DEV Community

Cover image for Implement a timing wheel for millions of concurrent tasks.
Kevin Wan
Kevin Wan

Posted on

Implement a timing wheel for millions of concurrent tasks.

For systems that contain lots of delayed in-process tasks. If we use lots of timers to handle the tasks, there will be lots of idle goroutines and lots of memory consumed. Lots of gourtines also consume more CPU to schedule them.

This article introduces the TimingWheel in go-zero, which allows developers to schedule lots of delayed tasks. As for delayed tasks, two options are usually available.

  1. Timer, timers are used for one-off tasks. It represents a single event in the future. You tell the timer how long you want to wait, and it provides a channel that will be notified at that time.
  2. TimingWheel, which maintains an array of task groups, and each slot maintains a chain of stored tasks.
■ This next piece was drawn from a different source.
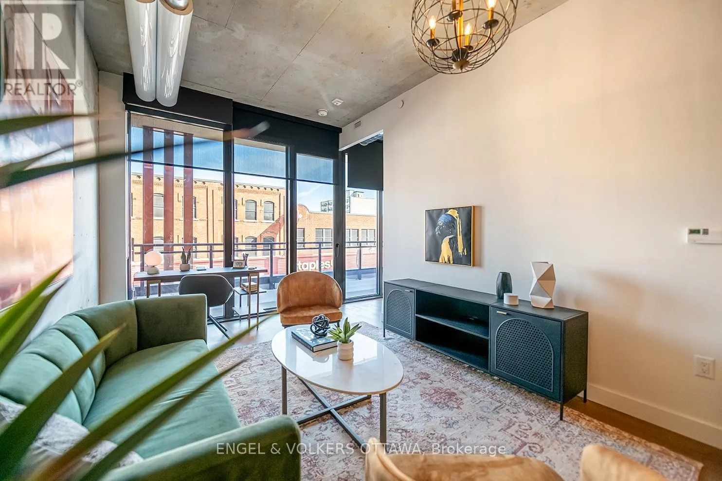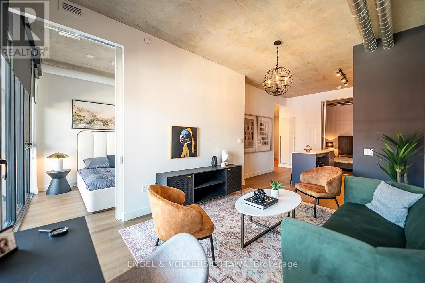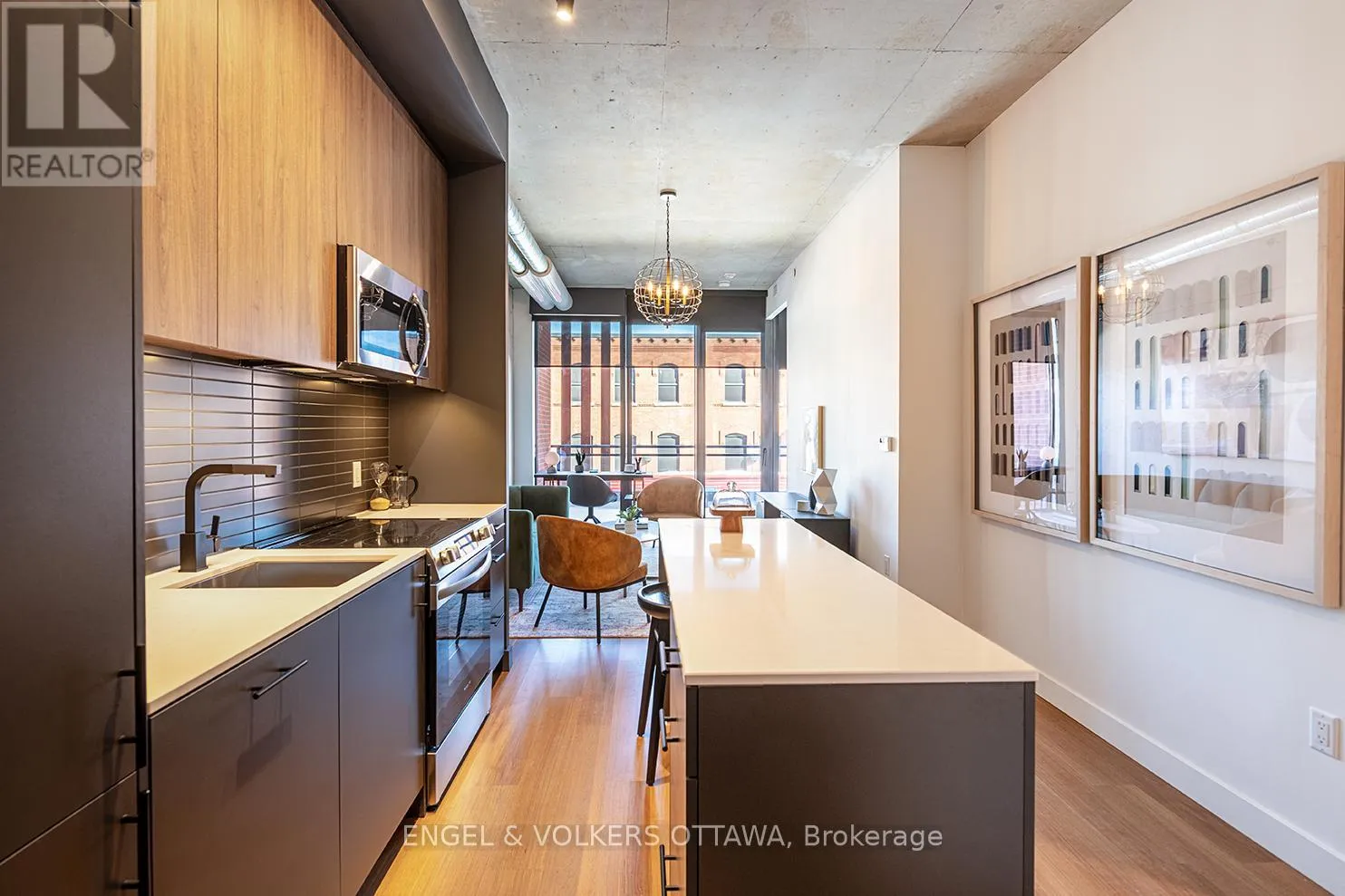 Cross Streets: Bank St. / James St. ** Directions: From Bank St. and Gladstone Ave., head North on Bank St, then turn West onto James St. Experience elevated living at the brand-new James House, a boutique condominium redefining urban sophistication in the heart of Centretown. Designed by award-winning architects, this trend-setting development offers contemporary new-loft style living and thoughtfully curated amenities. This stylish 2-bedroom suite spans 745 sq.ft. of interior space and features 10-ft ceilings, floor-to-ceiling windows, exposed concrete accents, and a private balcony. The modern kitchen is equipped with a sleek island, quartz countertops, built-in refrigerator and dishwasher, stainless steel appliances, and ambient under-cabinet lighting. The thoughtfully designed layout includes in-suite laundry conveniently located near the entrance and a full bathroom with modern finishes. James House enhances urban living with amenities including a west-facing rooftop saltwater pool, fitness center, yoga studio, zen garden, stylish resident lounge, and a dog washing station. Located steps from Centretown and the Glebe's finest dining, shopping, and entertainment, James House creates a vibrant and welcoming atmosphere that sets a new standard for luxurious urban living. On-site visitor parking adds to the appeal. Other suite models are also available. Inquire about our flexible ownership options, including rent-to-own and save-to-own programs, designed to help you move in and own faster. (id:27476)

When execution starts, the timer executes the tasks in one slot at specified intervals.

Option 2 reduces the maintenance of tasks from priority queue O(nlog(n)) to bidirectional linked table O(1), and the execution of tasks also requires only polling for tasks at one point in time O(N), without putting in and removing elements O(nlog(n)), as in the case of the priority queue.

Let's look at our own use of TimingWheel in go-zero:

TimingWheel in cache

Let's start with the use of TimingWheel in the cache of collection.

timingWheel, err := NewTimingWheel(time.Second, slots, func(k, v interface{}) {
  key, ok := k.(string)
  if !ok {
    return
  }
  cache.Del(key)
})
if err ! = nil {
  return nil, err
}

cache.timingWheel = timingWheel
Enter fullscreen mode Exit fullscreen mode

This is the initialization of cache which also initializes TimingWheel to clean the expired key.

  • interval: time interval to check the tasks
  • numSlots: the number of time slots
  • execute: the function to process tasks

The execution function in cache is deleting the expired key, and this expiration calls are controlled by TimingWheel to proceed.

Initialization

// The initialization of TimingWheel
func newTimingWheelWithClock(interval time.Duration, numSlots int, execute Execute, ticker timex.Ticker) (
  *TimingWheel, error) {
  tw := &TimingWheel{
    interval: interval, // time frame interval
    ticker: ticker, // the ticker to trigger the execution
    slots: make([]*list.List, numSlots), // the slots to put tasks
    timers: NewSafeMap(), // map to store task with {key, value}
    tickedPos: numSlots - 1, // the previous ticked position
    execute: execute, // execute function
    numSlots: numSlots, // the number of slots
    setChannel: make(chan timingEntry), // the channel to set tasks
    moveChannel: make(chan baseEntry), // the channel to move tasks
    removeChannel: make(chan interface{}), // the channel to remove tasks
    drainChannel: make(chan func(key, value interface{})), // the channel to drain tasks
    stopChannel: make(chan lang.PlaceholderType), // the channel to stop TimingWheel
  }
  // Prepare all the lists stored in the slot
  tw.initSlots()
  // start asynchronous concurrent process, use channel for task communication and passing
  go tw.run()

  return tw, nil
}
Enter fullscreen mode Exit fullscreen mode

The above is a more visual representation of the "time wheel" of TimingWheel, and the details will be explained later around this diagram.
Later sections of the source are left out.